The Moon's poles

The Indian lander and rover is exploring the Moon’s southern pole. How do the two poles compare? Any reason to think one is a better prospect for ice and other resources than the other?

The North pole is flatter and contains less permanently shadowed regions that are the prime candidates for ice. there have been a few lunar orbiter missions (Lunar Prospector, Chandrarayaan-1) that have detected hydrogen and water molecules. The LCROSS mission deliberately crashed a rocket upper stage near the south pole and detected water in the ejecta.

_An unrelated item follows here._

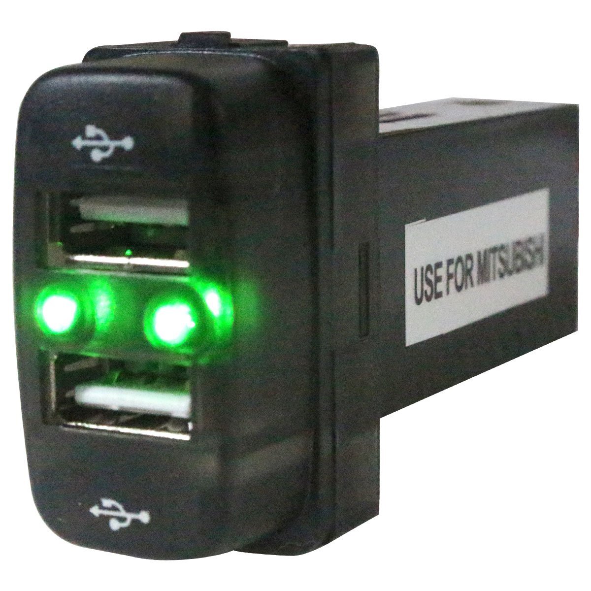 - 『ミツビシA』 デリカD/5 D5 CV1/2/5 LED/グリーン 新設2口 USBポート 充電 12V 2.1A 増設 パネル USBスイッチホールカバー 電源

There is more surface or near-surface frozen water near in permanently shadowed regions the South Pole of the Moon, and there is theorized to be a lot of water distributed on the subsurface of the Moon overall. However, actually extracting and purifying that water is a substantially more difficult than people image. At around 143 K (-130 °C) water is extremely hard (in the physical sense, not chemically ‘hard’), and extracting it by drilling or vibratory methods would be more difficult than breaking granite. In addition, this water is mixed with a lot of silicates and other minerals, making it even tougher to extract; essentially, it would have to be vapor distilled to extract pure water. It would probably literally be easier to capture a water-rich Near Earth Asteroid and use focused solar energy to vaporize it, then process it into propellants or consumable water and sent to the Moon wherever it is needed than it would be to extract large quantities of water from the Lunar surface even before the difficulty of landing at the poles and then transporting water across the lunar surface.

The concentrations of heavier and industrially useful elements, largely brought to the surface of the Moon by meteorite impacts, is mostly in the equatorial to mid-latitude regions. Difficulties with working in the highly abrasive and electrostatic dust make extracting and processing minerals a challenge but this is hypothetically where you would concentrate any kind of industry.